Mark Harmsworth believes that the Kroger Albertsons merger may be the final chance to level the playing field to improve competition, create more choice and provide local jobs in the community
Washington Policy Center
Two grocery chains, Kroger and Albertsons, are planning on a $25 billion merger of their operations next year. Given the size of the deal, the merger is understandably under review from the Federal Trade Commission (FTC) for potential antitrust issues.
Proponents of the merger say it’s necessary due to changes in the grocery marketplace driven by a shift to online shopping and competition from companies like Walmart and Amazon. Concerns from opposing groups say the merger will decrease consumer choice and result in a loss of jobs for the frontline workers.
Mergers happen all the time, so why is this one drawing so much attention?
Previous grocery chain mergers have been met with resistance from workers’ unions consumers and the Kroger-Albertsons deal is no different.
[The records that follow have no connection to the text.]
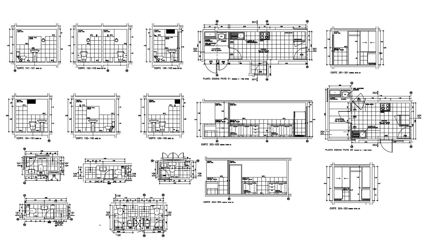 Dwg file of bathroom and kitchen with sections it include kitchen floor plan, bathroom floor plan, sectional elevations etc
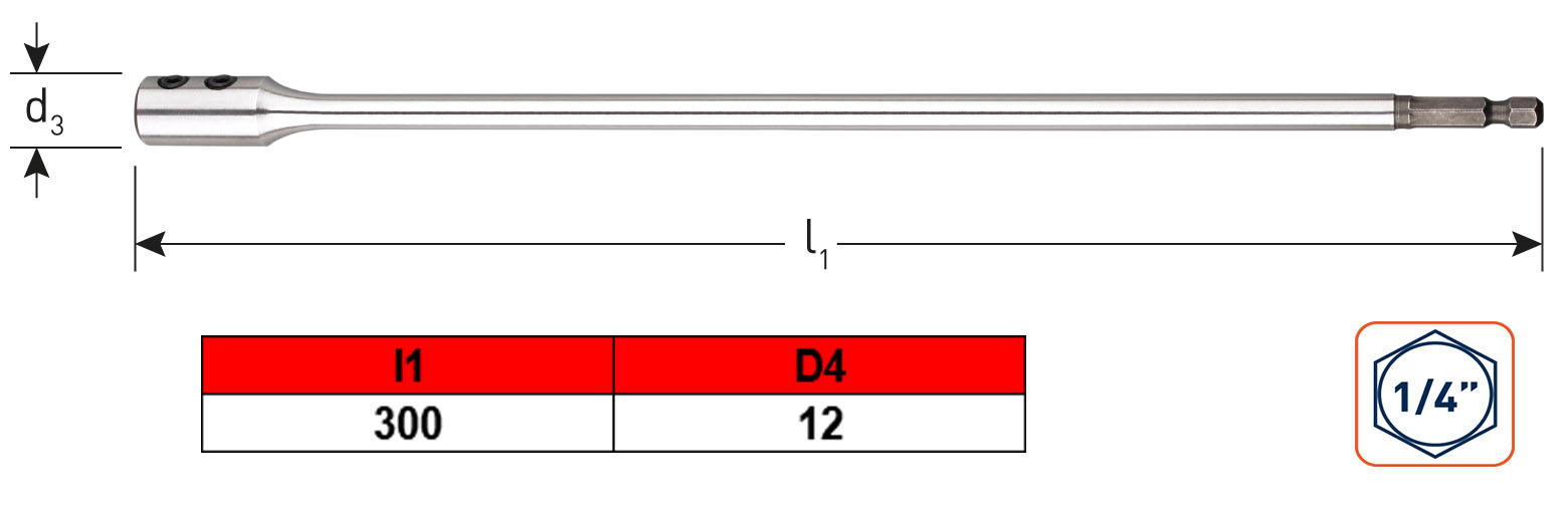 | Execution Shank extensions for spade drill bits with ¼” shank according to DIN 3126-E6.3. ![]() |
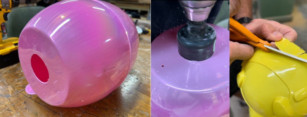 First drill a good size opening to fill the cement. We were successful with using a drill hole saw on the giant egg. For the bunny, you can simply use scissors to make an opening on the bottom of each side.
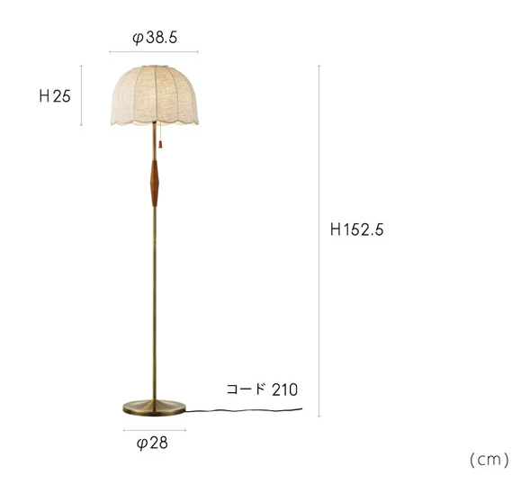 フレンチビンテージの着想を得たスカラップデザインのセードが印象的なフロアライト。 光を効率的に拡散させる反射板や、ハンドルと同じウッドをあしらったプルスイッチなど、デザインと機能のバランスを追求しました。 ファブリックとウッドが織りなすナチュラルな佇まいが、贅沢な時間を照らします。
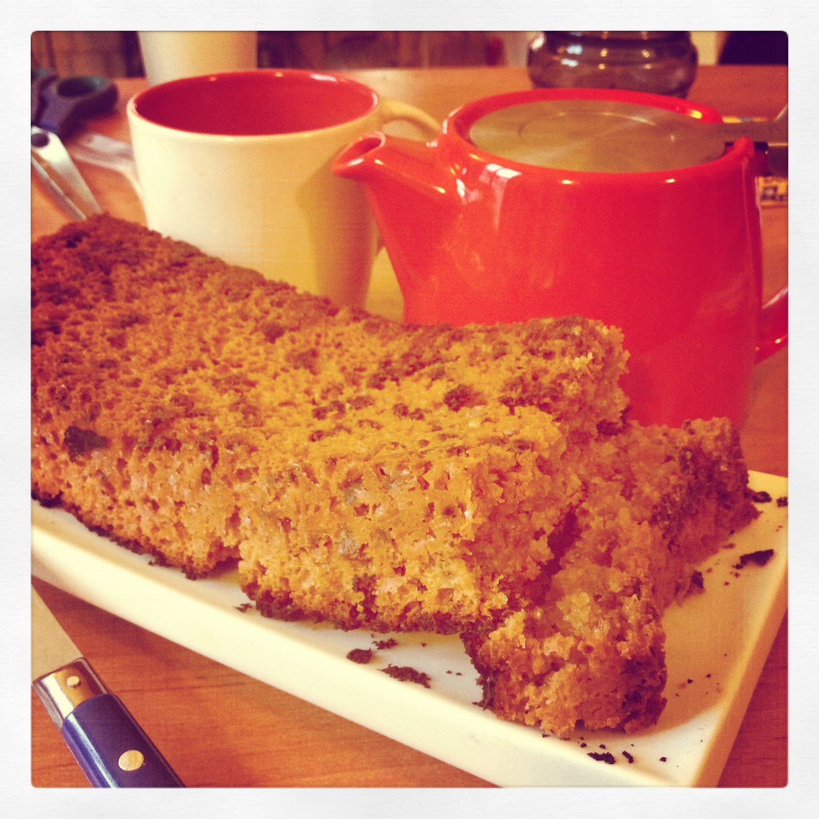 Enfin… j’ai fais avec les moyens du bord car mon four à un coup de froid et que je n’avais ni lait, ni oeufs mais j’ai réussi à faire un petit gâteau sympathique !
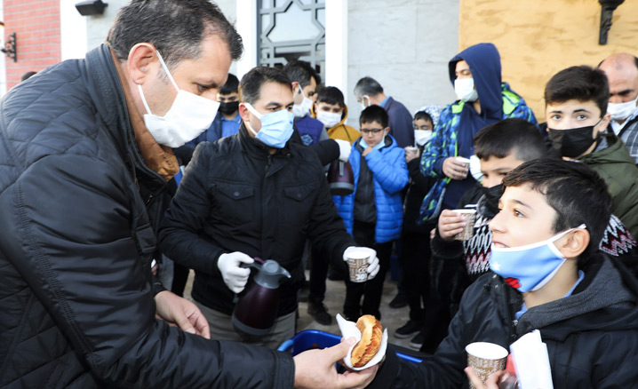 Vali Ayhan namaz sonrası, çocuklara sıcak süt ve poğaça ikram etti.
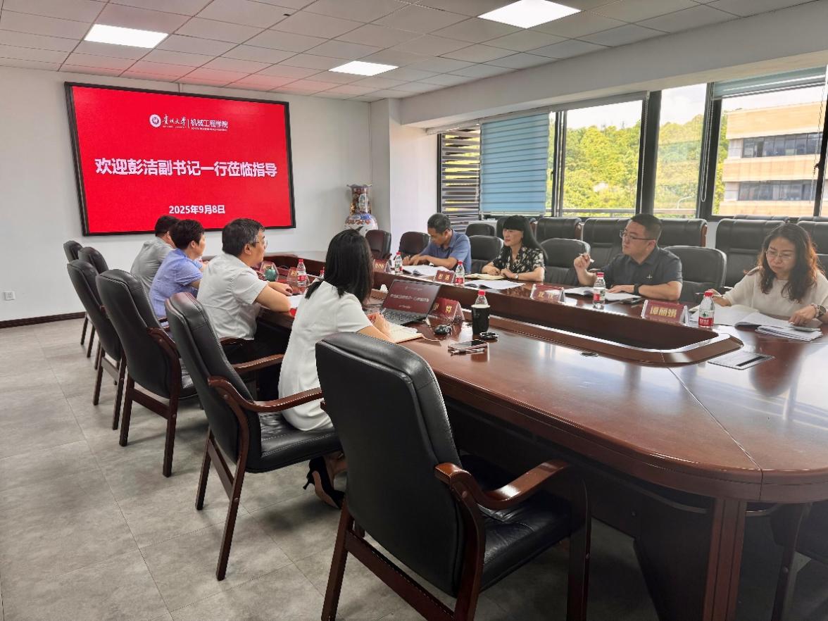 2025年9月8日上午,貴州大學(xué)黨委副書(shū)記彭潔、黨委學(xué)生工作部部長(zhǎng)龍汶、副部長(zhǎng)譚麗娟、黨委研究生工作部部長(zhǎng)張小彬一行到機(jī)械工程學(xué)院指導(dǎo)調(diào)研“一站式”學(xué)生社區(qū)建設(shè)工作。學(xué)院院長(zhǎng)馮毅雄、正處級(jí)組織員董蔚然、黨委副書(shū)記廖燁、副院長(zhǎng)唐正強(qiáng)及“一站式”學(xué)生社區(qū)建設(shè)專(zhuān)班相關(guān)人員參加調(diào)研活動(dòng)。
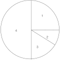 Proportional selection is based on the idea that an individual who is twice as good as another should have double the chance of being reproduced [1]. This selection is usually implemented using the “roulette wheel” strategy. The wheel is divided into \(n\) sections, n being the number of chromosomes. Each section is labeled from 1 through \(n\), and has an arc length directly proportional to the fitness value of the corresponding individual. This is demonstrated in Figure 2 for a population of 4 chromosomes.
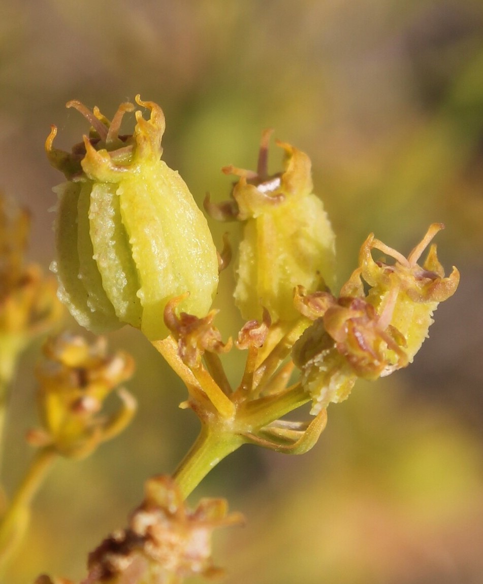 Früchte rundlich, 12 - 17 mm lang, mit scharfen Graten, die warzig- gezähnt sind Stängel gestreift Blätter 2 - 3- fach gefiedert, Inlandsformen mit fädlichen Endabschnitten
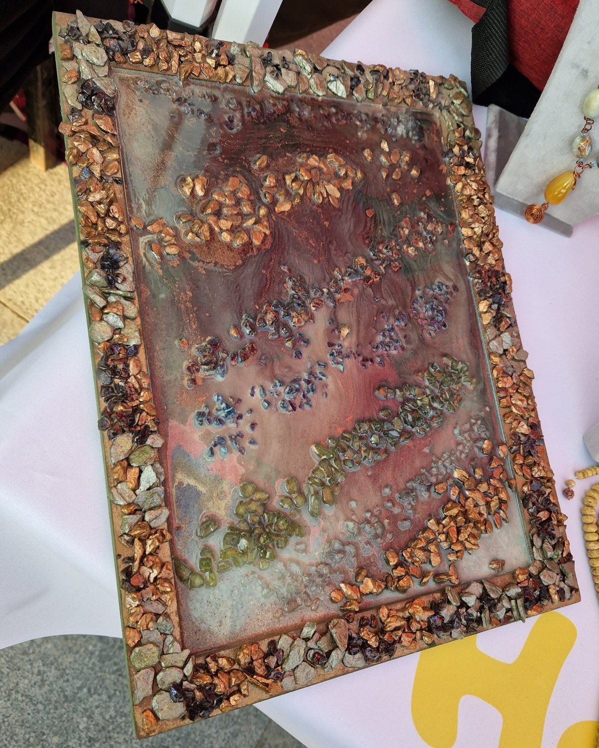 لوحة فنية من الخشب مغطاه والريزن مع الأحجار بألوان كلاسيكية قيمة
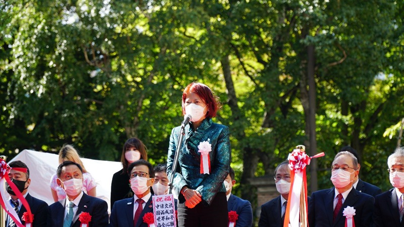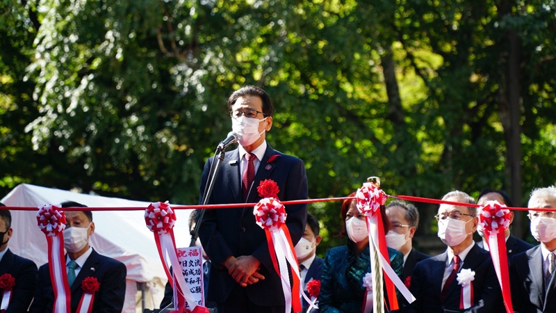 10月8日,“2022札幌中國節”實行委員長、中國駐札幌總領事劉亞明在開幕式上致辭。(吳穎 攝)
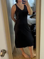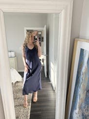 Simple dress - very flattering and good quality. Thought about purchasing but just a little too expensive for a simple slip dress but seriously great.
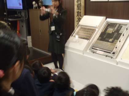 印刷工場では、新聞ができるまでのDVDを見たり、実際に新聞が作られる様子を見たりしました。新聞が、あっという間に印刷、梱包されていくのを見て、驚きの連続でした。

Employees get nervous about their jobs and consumers wonder if product choice will go down and prices will go up.
To address some of the potential anti-trust issues and workers concerns, Kroger and Albertsons are selling 413 stores to C&S Wholesale Grocers (a competitor) who, as part of the deal, plans on continuing operations under the existing collective bargaining agreements working to ensure no store closures.
The sale shows Kroger and Albertsons are aware of the scrutiny the deal will draw from the FTC and are taking proactive steps to address any concerns.
Additionally, the sale of the 413 stores ensures local competition between C&S and the newly merged Kroger and Albertsons.
The driving force behind the merger is the change in the grocery marketplace in the last few years with the growth of online and warehouse stores.
According to a statement from Burt Flickinger, managing director of consulting firm Strategic Resource Group, the grocery business is going through a “revolution,” and Walmart is “unstoppable.” Add Amazon and Costco to that list and it’s obvious the challenges that the traditional brick and mortar stores are up against. Post merger, Kroger will still only represent 14% of the grocery market, dwarfed by Walmart alone at 22%.
From a free market perspective, Kroger and Albertsons are doing what needs to be done to compete in a competitive marketplace while considering the importance of retaining jobs and maintaining customer choice.
Will the merger help consumer choice? It should. The new organization will be able to compete more effectively with the onslaught of online and warehouse competition. With C&S competing, prices and product selection should improve.
The Kroger Albertsons merger may be the final chance to level the playing field to improve competition, create more choice and provide local jobs in the community.
A decision from the FTC is expected by early 2024 on if the merger meets antitrust rules.
Mark Harmsworth is the director of the Small Business Center at the Washington Policy Center.